I get a text from Mister, "Not drinking and I still love you."

He was basically making reference to the other day when he texted that he loved me. My initial response was, "are you drunk?" He confessed that he had been drinking, but that wasn't the reason for him telling me. Of course I think the alcohol had a little bit to do with it, also I think it was a bit of the holiday season. It can bring out a little melancholy spirit for those of us who are "lonely" and he had told me before that he was lonely. I caught a little bit of the "bah humbug" bug myself, but I got over it and had an okay Christmas. Now the New Year is here in about an hour and a half....so I texted him back that he made me SMILE. In which he replied, "You have a beautiful smile. Wish I could see it." So, I facebooked him a pic of me smiling. It wasn't the best pic espcially since my hair was all over, but my smile was cute. I then deleted it. I hope he didn't download it. So, while chatting with him, I decided I was gonna clean...actually, I was gonna clean earlier, but I was too lazy.

While cleaning I turned on my "sad love songs" playlist on youtube. Actually, I took all the sad sad ones out and just listened to love songs and a few other "pick me up" songs. For some reason my playlist got stuck on Ledisi Bravo.

It just played over and over and over and over. I wanted it to go on and play Daley Alone Together, but it kept playing Bravo. Finally, I just let it play.

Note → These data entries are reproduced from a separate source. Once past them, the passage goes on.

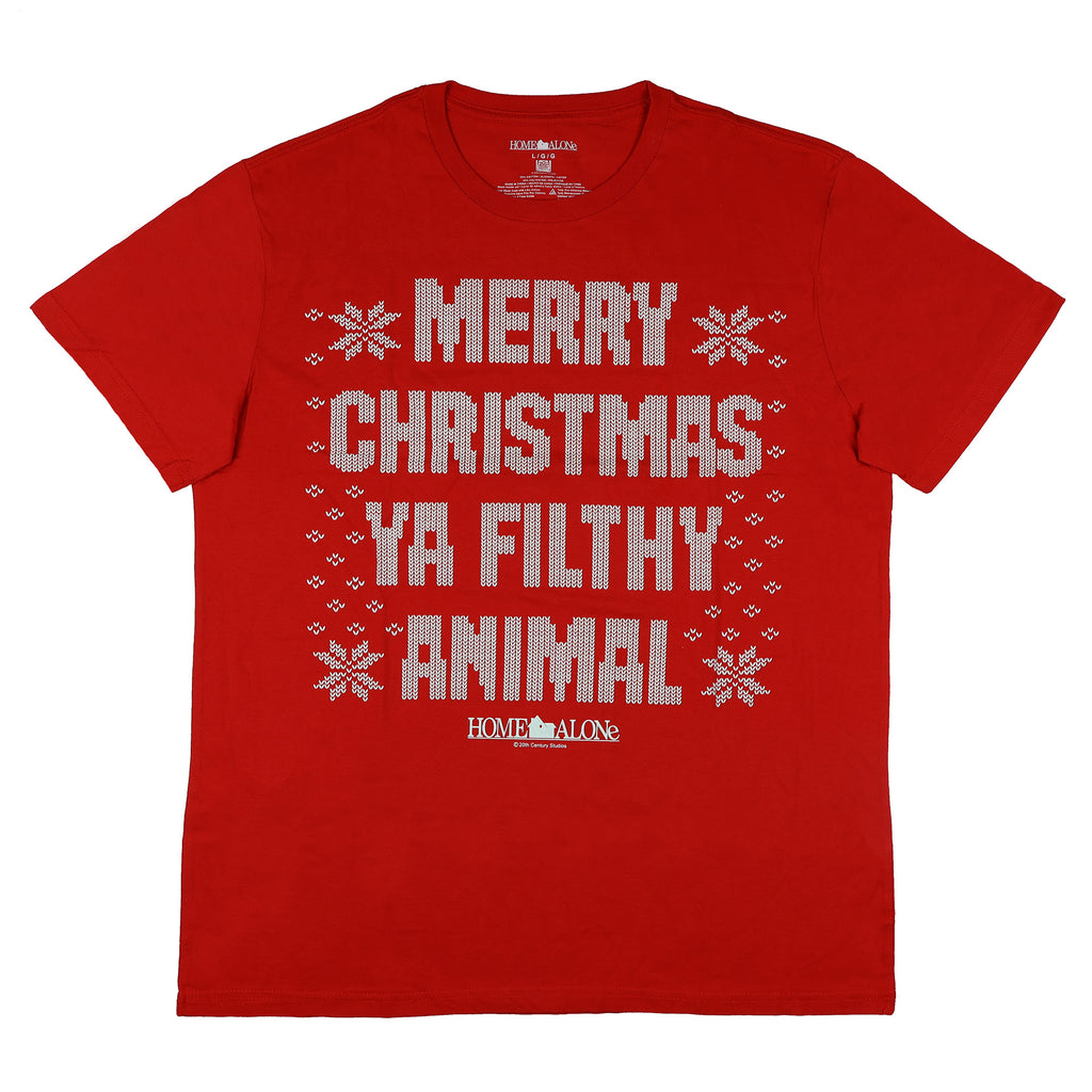 This men's short-sleeve tee highlights one of the most quoted lines from Home Alone. It features "Merry Christmas, Ya Filthy Animal" in sweater-style lettering with snowflake accents. The red base color provides a bold backdrop for the light-toned design, giving it a look that works for lounging, layering, or casual wear. Made with a cotton-polyester blend, the shirt combines softness with durability, making it a dependable option for everyday use. Home Alone has remained a widely loved movie for decades, and its recognizable phrases continue to connect with audiences. This tee blends nostalgic appeal with practical comfort, making it easy to wear around the house, with pajama pants, or out casually.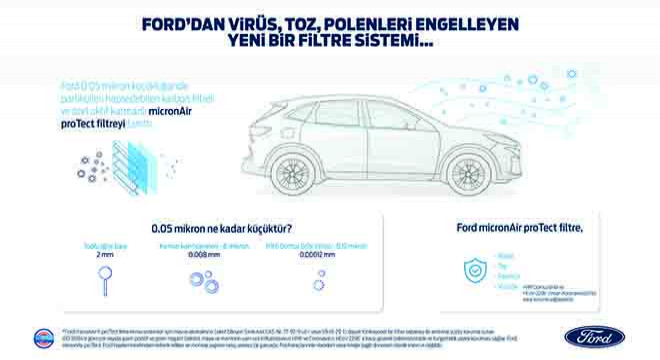 Ford MicronAir Protect kabin hava filtresi, insan saçının binde biri kalınlığından daha küçük olan 0,05 mikron kalındığındaki partikülleri filtre edebiliyor. Filtre, aracın havalandırma sistemine takıldığında içeri giren virüs, toz, polen gibi zararlı parçacıkların yoğunluğunu seyreltiyor. Virüs içeren su damlacıklarını olabildiğince hızlı yok ederek kontaminasyon (bulaşma) ve enfeksiyon olasılığını en aza indiren sistem, araç içindeki yolcu ve sürücülerin sağlığını koruyor.
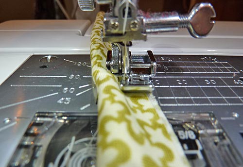- Using a Zipper foot, sew close to the cording to create your fabric covered piping.

Apparently, now is not the time to be sad about love, I need to "celebrate." So that's what I'm gonna do. I'm not gonna be sad because I don't have anyone. I gonna go into the new year happy. If I stay up or not, I'm gonna be happy.  So, I'm not gonna fight the happiness. I'm just gonna let it play.....

Excitement

I was trying to post this entry using my new Smart Phone--the AT&T Fusion, but for some reason it wouldn't let me, so I went to work to get my laptop.....

But yesterday I was so excited about the new year. I've been bummed out lately--my car being stolen along with my laptop and other stuff, being sued, having no money, blah, blah, blah....and I wasn't ready for the new year. I was feeling down about the new year coming, but yesterday, my spirit changed. I'm sure it was God because I couldn't manufacture those emotions and now I'm ready. I'm not down anymore. I'm broke, but happy to close this year out. So, I couldn't post about my excitement, but I needed to tell somebody, so I texted Mister to tell him.

Yes, I've been chatting/texting with him lately. I'm not so happy about that, but I have been. The other day he texted me to tell me he loved me. I called him to tell him that I loved him too. No, I'm not gonna get with him. I'm not even IN LOVE with him, but I do love him.

Anyway, tomorrow is the new year and I thank God for making it this far. I'm going to take charge of my life and stay focused in 2013. It can only get better!!

*Post Script* I'm even more excited now because I just checked my bank account and I have enough money to get me some sparkling cider to toast in the New Year!!  THANKS YOU, JESUS!!

Friday, December 28, 2012

At the Mercy of the Court

I went to the courthouse to see who was suiing me. It's my bank that owns my car loan. I guess they sent me a letter in the mail, but because I don't get mail where I live, I never received it. They are suing me for the balance of my car and for their attorney fees of $500. They opened the case on November 26. I have since spoken to the bank manager twice and he has never mentioned it. As a matter of fact, I just got off the phone with him because my plan was to make a payment today. Why didn't he tell me he was suing me? WOW!! So, I wrote him a letter explaing my situation--being homeless, not having work, no health insurance, etc. I'm $63,000 in debt. And I NEED my crappy car to do my job. What am I gonna do if I don't have a car? I can't do my job. So I won't have a job. I'm gonna show up at court on Wednesday and let them know my situation. My goal is to have my car paid off by the end of February. That's if I pay about $500 per paycheck. I do'nt know what else to do.....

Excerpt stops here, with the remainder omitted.